Status: gecorrigeerd

Aanvang: 9.43 uur


Bekijk de video van deze spreekbeurt

De heer Diederik van Dijk i (SGP):

Dank u wel, voorzitter. Ik dank de bewindslieden heel hartelijk voor hun uitvoerige beantwoording.

Ik begin met de Wet zorg en dwang. Ik vraag graag een nadere appreciatie van de minister van de aanbeveling van het CCE over in welke situaties extern advies ingewonnen moet worden. Ik heb het ook in mijn eerste termijn vermeld.
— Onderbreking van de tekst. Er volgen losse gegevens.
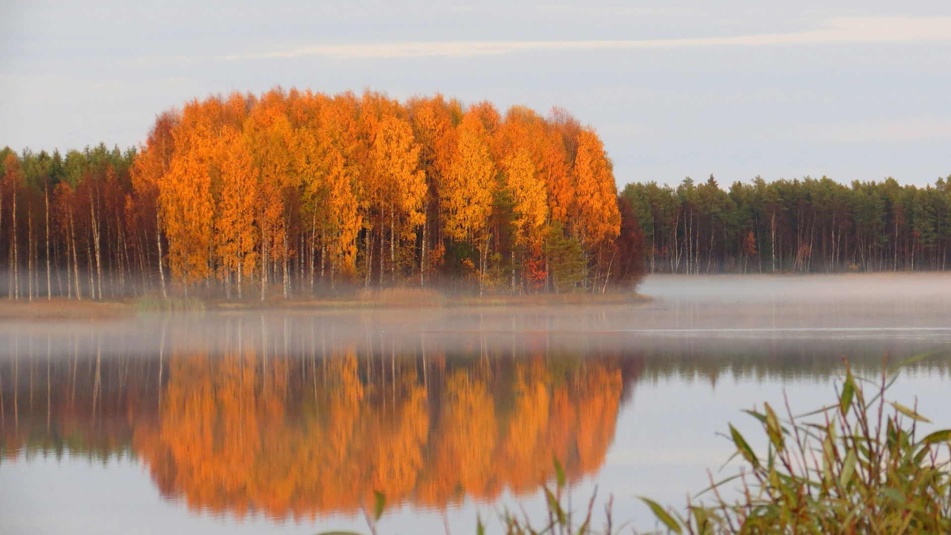 Autumn dawn with trees on the lake

Het CCE beveelt aan dat bij maatregelen die minder direct ingrijpen externe advisering beperkt blijft tot een jaarlijkse advisering op groeps-, afdelings- of locatieniveau. Neemt de minister die aanbeveling over? Ik voeg eraan toe dat ook de wetgever zelf onderscheid maakt tussen lichte en zware vormen van vrijwillige zorg, zie artikel 2.2. Dat onderscheid moet dus kunnen.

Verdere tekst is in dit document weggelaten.